Günümüz Yunanistan’ının eski Yunanistan’la, diyelim M.Ö. 5. yüzyıldaki Yunanistan’la, karşılaştırdığımızda şunları görürüz. Şimdiki Yunanlılar herşeyden önce daha özgür yaşıyorlar (özellikle kadınlar ve çeşitli “öteki” kategorilerinde bulunanlar); daha uzun yaşıyorlar; dış dünyaya daha açıklar; daha iyi tedavi imkânlarına sahipler; eski Yunanlıların ancak hayal edebilecekleri teknolojiler kullanıyorlar; Yunanlıların şimdiki aydınları ve entellektüelleri eski Yunan’ın okumuş kesiminden daha fazla kitap okuyorlar, daha fazla bilgiye sahipler; ve modern Yunanlıların ortalama gelir seviyesi çok daha yüksek. Bütün bunlar büyük bir ilerleme ve gelişmenin gerçekleşmiş olduğunu gösteriyor. Peki bunu modern Yunanlılar mı başardı? Hayır, teknolojide, bilimlerde, fikirlerde, ekonomideki bütün gelişmeler dışarıdan, başka ülkelerden, ithal edildi. Modern Yunanlılar’ın bu gelişmelere katkısı maalesef asgari düzeyde kaldı. Bütün gelişmeler, başka ülkelerde “geçmişteki başarılar ne kadar büyük olursa olsun, biz daha iyisini yapabiliriz ve yapmalıyız” inancıyla çalışan ve üreten insanlar ve kurumlar sayesinde gerçekleşti.

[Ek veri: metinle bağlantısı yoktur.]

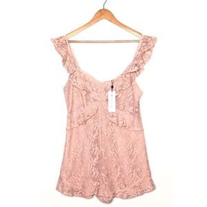 BCBGENERATION Pink Lace Ruffle Romper Size 6 NWT

Eski Yunanlılar kendi dönemlerinin en ileri uygarlık düzeyine ulaşmışken, modern Yunanlılar günümüzde teknoloji ve bilimlerdeki, fikir dünyasındaki gelişmeleri genellikle geriden takip ediyorlar. Gelişmiş ve gelişmekte olan toplumlar arasında bir yerde sıkışmış durumdalar.

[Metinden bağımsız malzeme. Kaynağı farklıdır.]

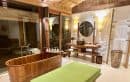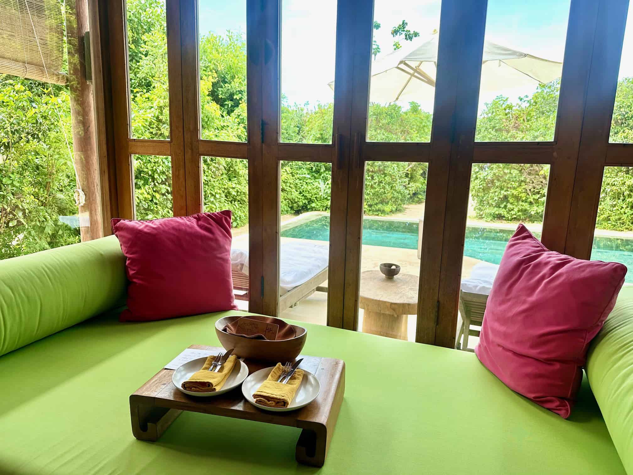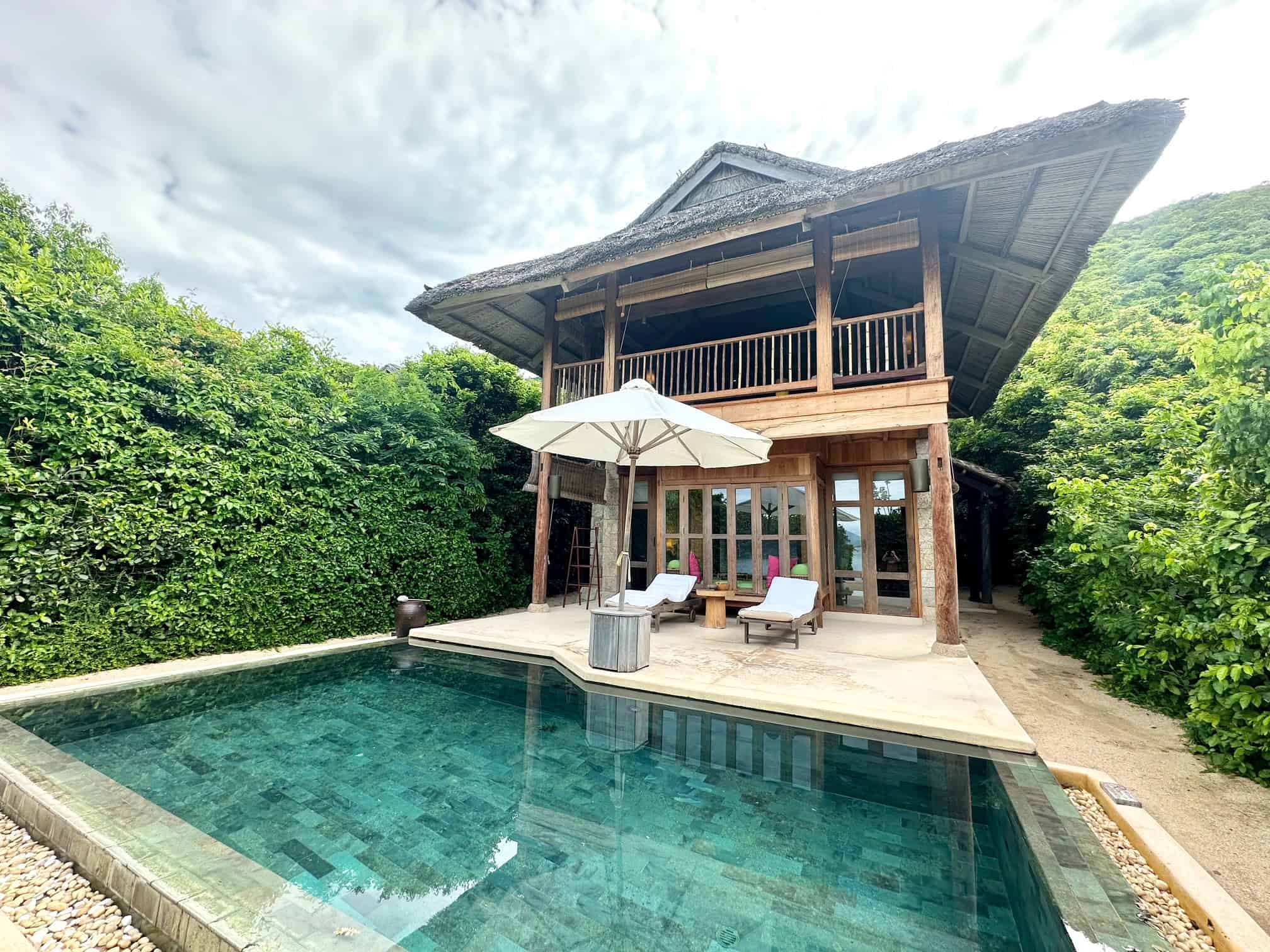 今回滞在したのはビーチフロントヴィラ。2階建ての室内の1階には寝室とバスルーム、窓や壁がない2階には開放感あふれるリビングとミニバーがある独創的なデザインの建物です。ヴィラの前には広々としたプライベートプールがあり、その先はプライベートビーチへと続きます。プールサイドのリクライニングチェアでくつろぎながら、ルームサービスで食事をしたり、読書や昼寝をしたり、気の向くままに優雅な時間を過ごせます。

Yunan milliyetçileri eski Yunan dönemini kutsallaştırarak modern Yunanlılara bir gurur ve üstünlük duygusu aşılamak istediler ve bunda büyük ölçüde başarılı oldular. Ama bu kutsallaştırmanın bir sonucu “en güzel günlerimiz geçmişte yaşandı” inancının da yerleşmesiydi. “Atalarımızın başarılarını taklit edebiliriz, onları örnek almalıyız, ama onları aşamayız” kanaati ise modern Yunanistan’ın özellikle teknolojide, bilimlerde, sanatta, fikir dünyasında gelişmesini zorlaştıran psikolojik bir engel teşkil etti; etmeye de devam ediyor.

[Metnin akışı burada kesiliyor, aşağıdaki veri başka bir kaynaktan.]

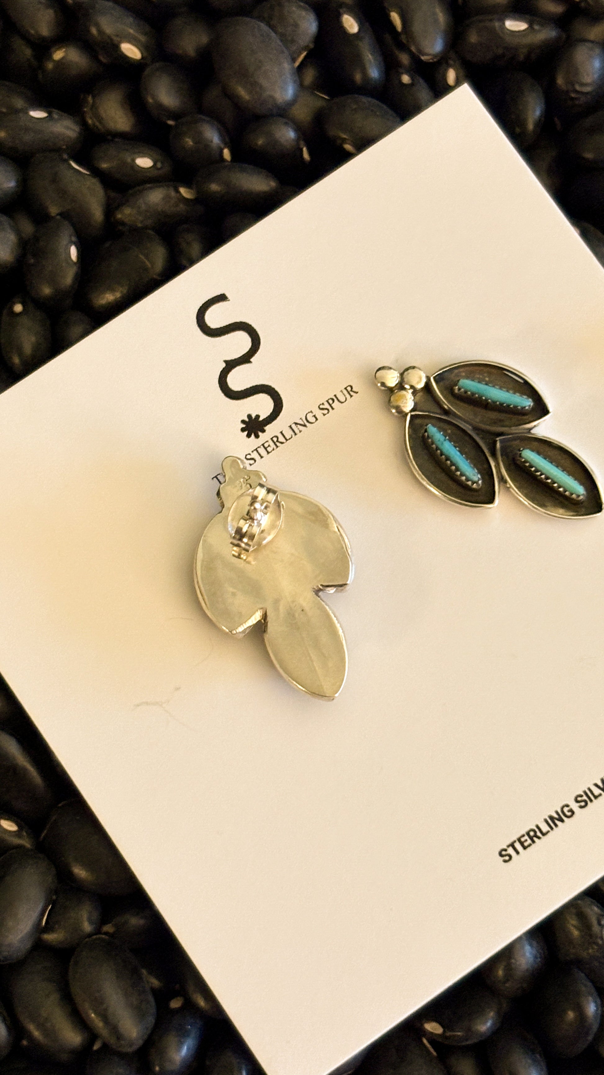 THREE LEAF NEEDLEPOINT TURQUOISE POST EARRINGS

Yunanistan’da, ama sadece burada değil, her ülkede, hatta her cemaatte, her insan topluluğunda “kutsallaştırılmış geçmiş” inancına rakip olacak, belki de onun yerini alacak, parlak ve güzel bir geleceğe yönelik bir vizyona veya vizyonlara ihtiyaç olduğunu düşünüyorum. Daha güzel günler yaşamak istiyorsak, en önce böyle güzel günleri yaşayabileceğimize, böyle güzel günleri yaşamamızı sağlayacak gelişmeyi ve ilerlemeyi gerçekleştirmeye muktedir olduğumuza inanmamız lâzım.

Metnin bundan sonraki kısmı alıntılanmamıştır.